A lot of brands have turned on AI features in their email platform, but very few are actually using them well.

They expect AI to magically improve performance without cleaning their data, testing recommendations, or thinking about how it fits into their strategy. Then they're surprised when results don't change or, worse, when things get more complicated.

AI can genuinely improve your email program (faster personalization, smarter segmentation, better optimization) but only if you implement it intentionally instead of just flipping switches and hoping for the best.

Today we're walking through the best practices that actually make AI work in email marketing, from clean data to smart testing.

Also inside:
✔️ In a world of ChatGPT copy, here's how to sound like you.
✔️ Inside the send: How Polish Pops nailed their spring collection launch
✔️ Quick clips: This week's top eCom news stories

Let’s dive in.

In a world of ChatGPT copy, here's how to sound like you.

AI makes content creation faster... but at what cost? When everyone sounds "friendly and approachable," nobody stands out. Join Omnisend on March 26 at 7:00 AM to build a brand voice that's actually recognizable across every email, ad, and social post.

What you'll learn:

  • How to define your brand voice in 3-5 clear traits (not vague adjectives like "authentic")

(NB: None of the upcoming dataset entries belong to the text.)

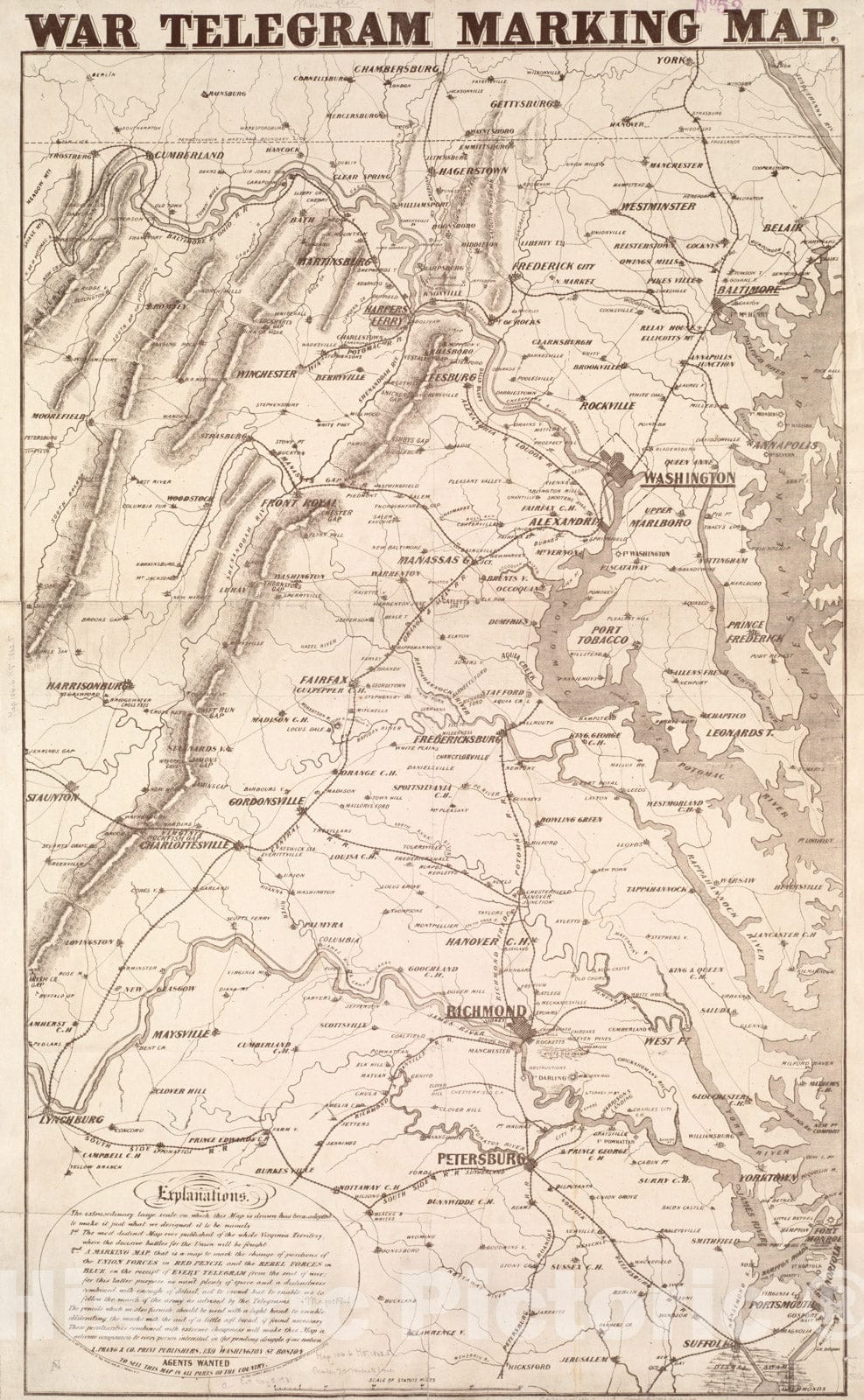 • Historical Map, ca. 1862 War telegram marking Historical Map, Vintage Wall Art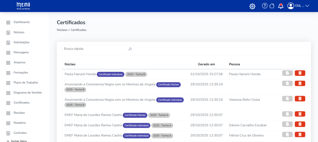A funcionalidade de certificados possibilita ao usuário administrador acessar de forma centralizada todos os certificados gerados para os Núcleos (e seus participantes). Eles podem também ser acessados no próprio cadastro do Núcleo, na aba de Certificados.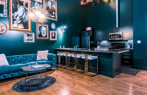 This downtown loft is located directly behind brewery district and walking distance to rogers place. vaulted 20 foot ceilings and Victorian gothic decor make this a unique and cozy destination. This is not a business for us, it is our home! A fully stocked kitchen with all the gadget needed to create a gourmet meal, including cookbooks! Coffee, tea, and a full work station including an iMac and a printer. Extremely pet friendly area with lots of great places to walk. Tons of free parking.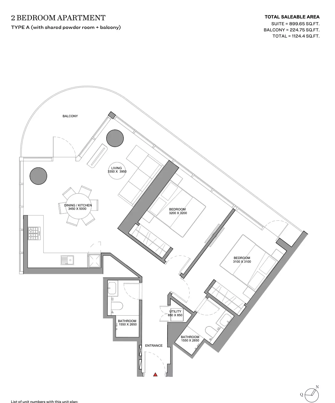 | Type A (With Shared Powder Room + Balcony) | 1,124.00 | View |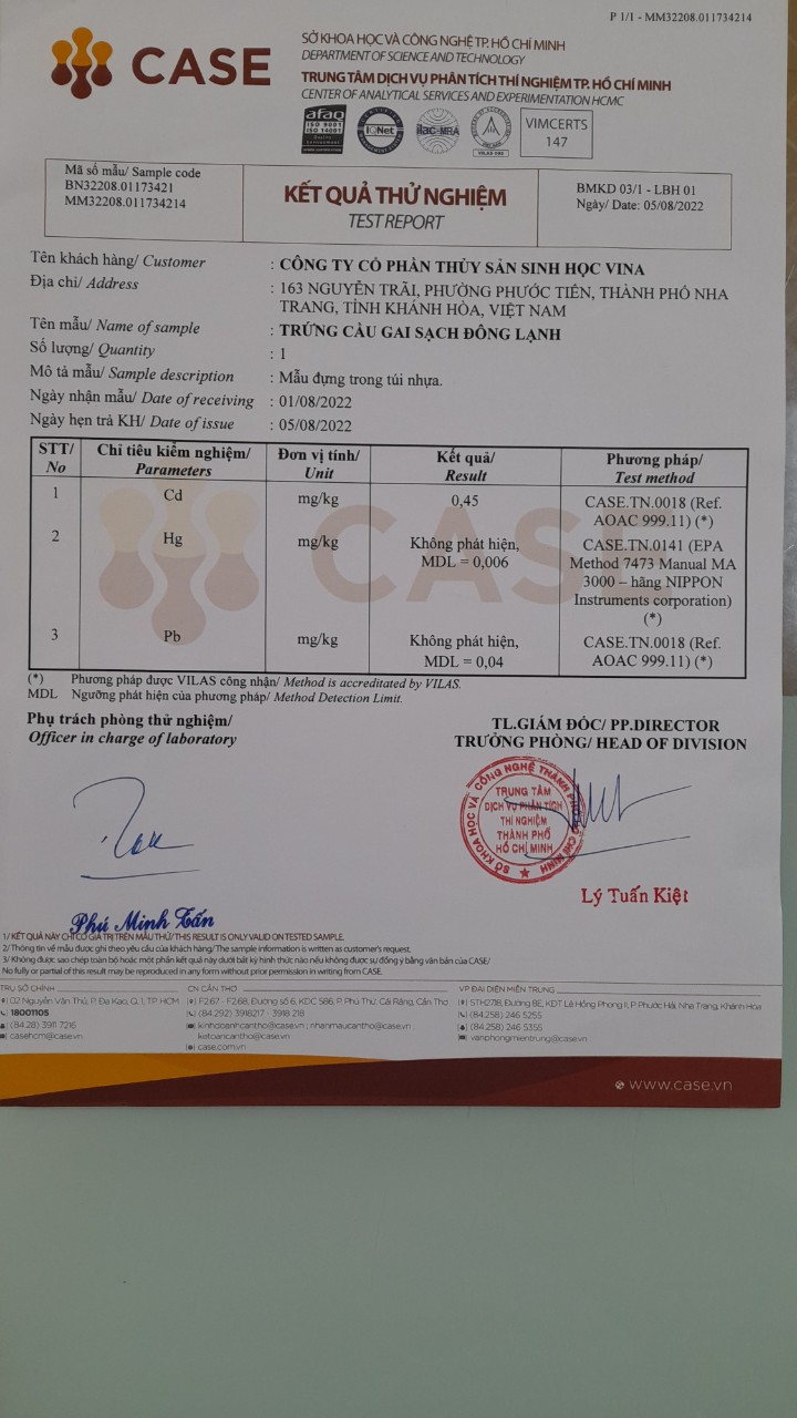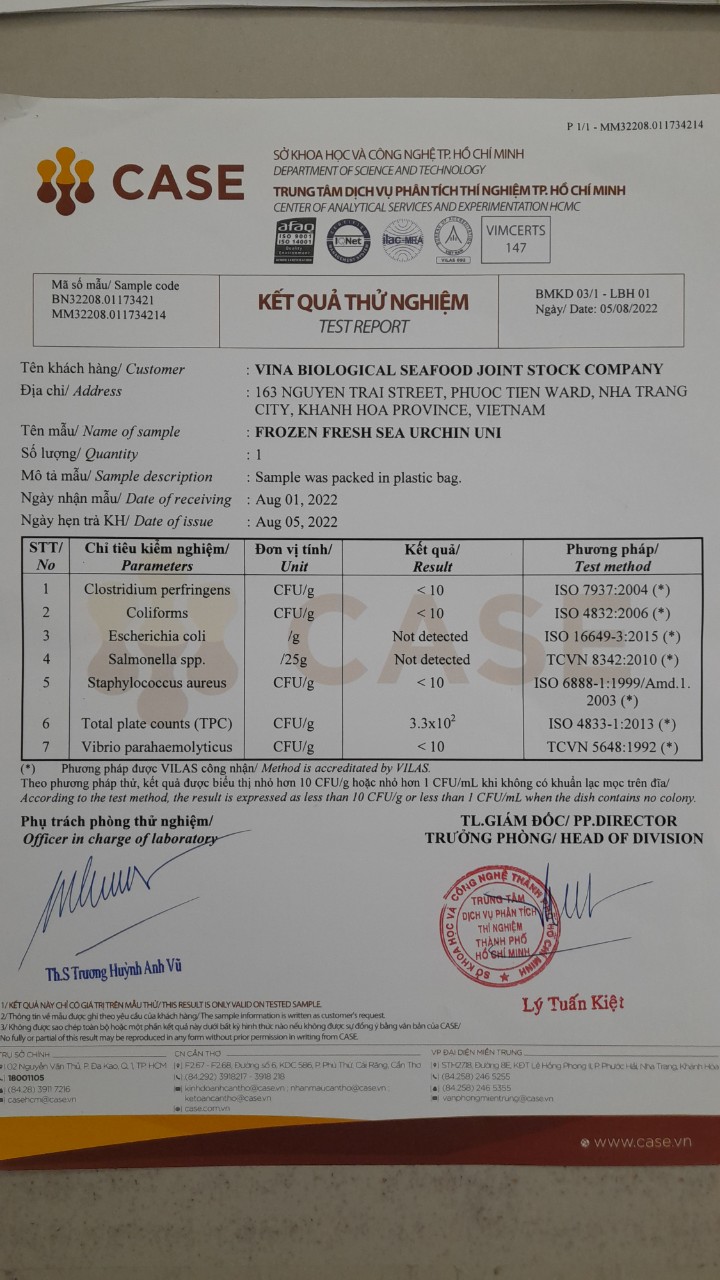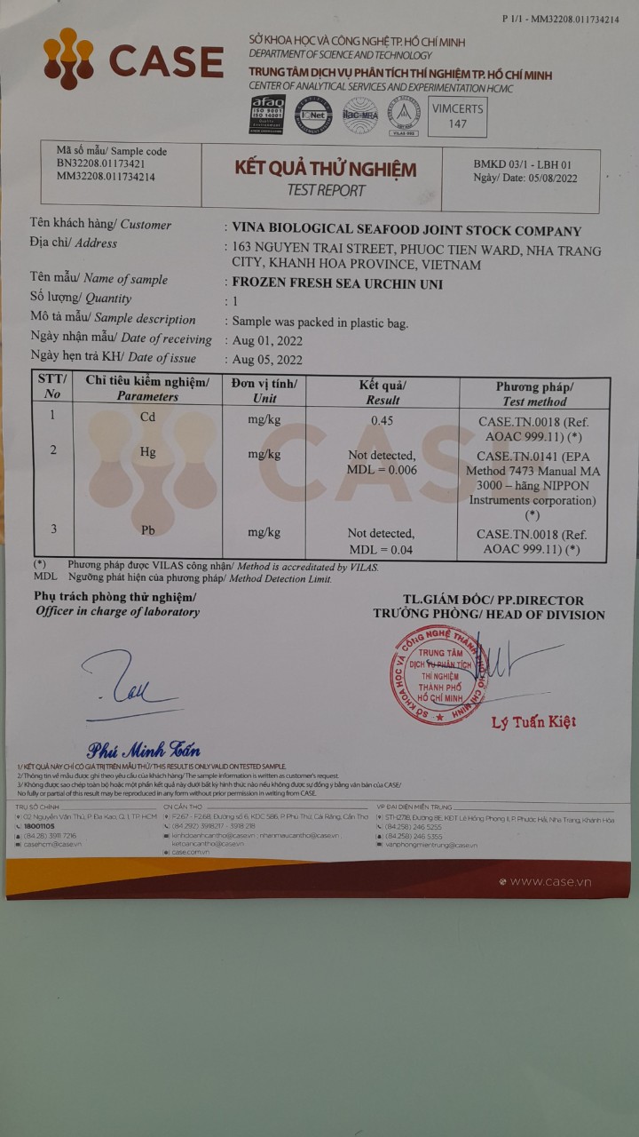 Trứng cầu gai sạch đông lạnh. (Frozen fresh sea urchin uni)

  • The difference between voice (what never changes) and tone (what adapts by situation)

  • How to keep your messaging human and consistent without sounding robotic

Walk away with actionable guidelines your team (and your AI tools) can use without turning every message into the same beige copy. → Register now

Best practices for using AI in email marketing

AI has real potential to improve your email program, but most brands are either using it wrong or expecting it to do things it can't.

The difference between AI that drives results and AI that just adds complexity comes down to how intentionally you implement it.

You can't just turn on AI features and expect better performance. You need clean data, clear goals, and a plan for how AI fits into your broader email strategy.

Here's how to actually use AI in email marketing so it improves results instead of just creating more work.

1. Start with clean, organized data

AI is only as good as the data you feed it, which means messy or incomplete data will lead to inaccurate recommendations and poor performance.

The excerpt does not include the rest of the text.